San Diego Bishop Robert McElroy said recently that there is “repugnant” and “corrosive” bigotry toward individuals identifying as LGBT on the part of “a group of people across all religious views.”

This “particularly antagonistic” regard for LGBT individuals by people in this group generates from the depths of the souls, Bishop McElroy said. It is a reality that must be faced and one that is “incompatible with what we hope to be as a church.”

The bishop was cited and quoted by New York Times columnist Frank Bruni for a recent “The Scariest Catholic in America” op-ed that focused on another Catholic venue rescinding a speaking engagement from controversial Jesuit Father James Martin.

Bruni’s NYT op-ed last weekend followed a number of others that framed Martin in an exceedingly laudatory light, beginning by calling him “a Roman Catholic rock star.” It also minimized Martin’s troubling presentation of the LGBT issue, contending that all he has done is call for Catholics to be more respectful and compassionate to LGBT-identifying individuals.

Martin is the American Jesuit priest, writer and editor-at-large of the Jesuit America magazine. Pope Francis named him as a consultant to the Vatican’s Secretariat for Communications in April 2017.
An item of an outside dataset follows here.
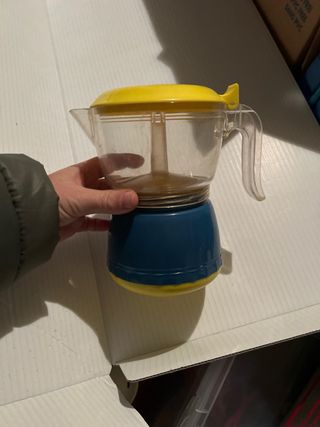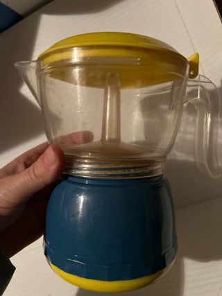 Cafetera estilo moka con cuerpo transparente y base azul. - Tapa y asa de plástico amarillo. - Diseño moderno y funcional.

Father Martin has made numerous troubling public assertions regarding homosexuality that are at odds with Church teaching. They include, among others, suggesting that God created homosexuals as they are and that chastity is not required of homosexuals. He has stated that Catholics should reverence gay marriage, and gave his support to transgenderism in children and the idea of gays kissing at the sign of peace during Mass.

“McElroy said that while there are calm-voiced critics of Father Martin with earnest concerns about what they see as the church’s drift from traditional sexual morality,” Bruni wrote, “there are also out-and-out bigots whose methods are ‘incompatible with what we hope to be as a church.’”

“We have to face the fact that there is a group of people across all religious views that are particularly antagonistic to LGBT people,” McElroy told him. “That comes from deep within the human soul, and it’s really corrosive and repugnant.”

McElroy was among those critical of the Martin cancellations early on. He wrote last fall that opposition to Martin’s speaking engagements was a “campaign of distortion” that “must be challenged and exposed, calling it a “cancer of vilification is seeping into the institutional life of the church.”

McElroy said as well that it was a “concerted attack” on Martin’s work, driven by homophobia, a “distortion of fundamental Catholic moral theology” and “a veiled attack on Pope Francis and his campaign against judgmentalism in the church.”

McElroy formally endorsed Martin’s bookThe bishop has commended one of his LGBT-affirming parishes for its “particularly welcoming” approach, and he has said the Catechism of the Catholic Church language defining homosexual acts as “intrinsically disordered” is “very destructive language that I think we should not use pastorally.”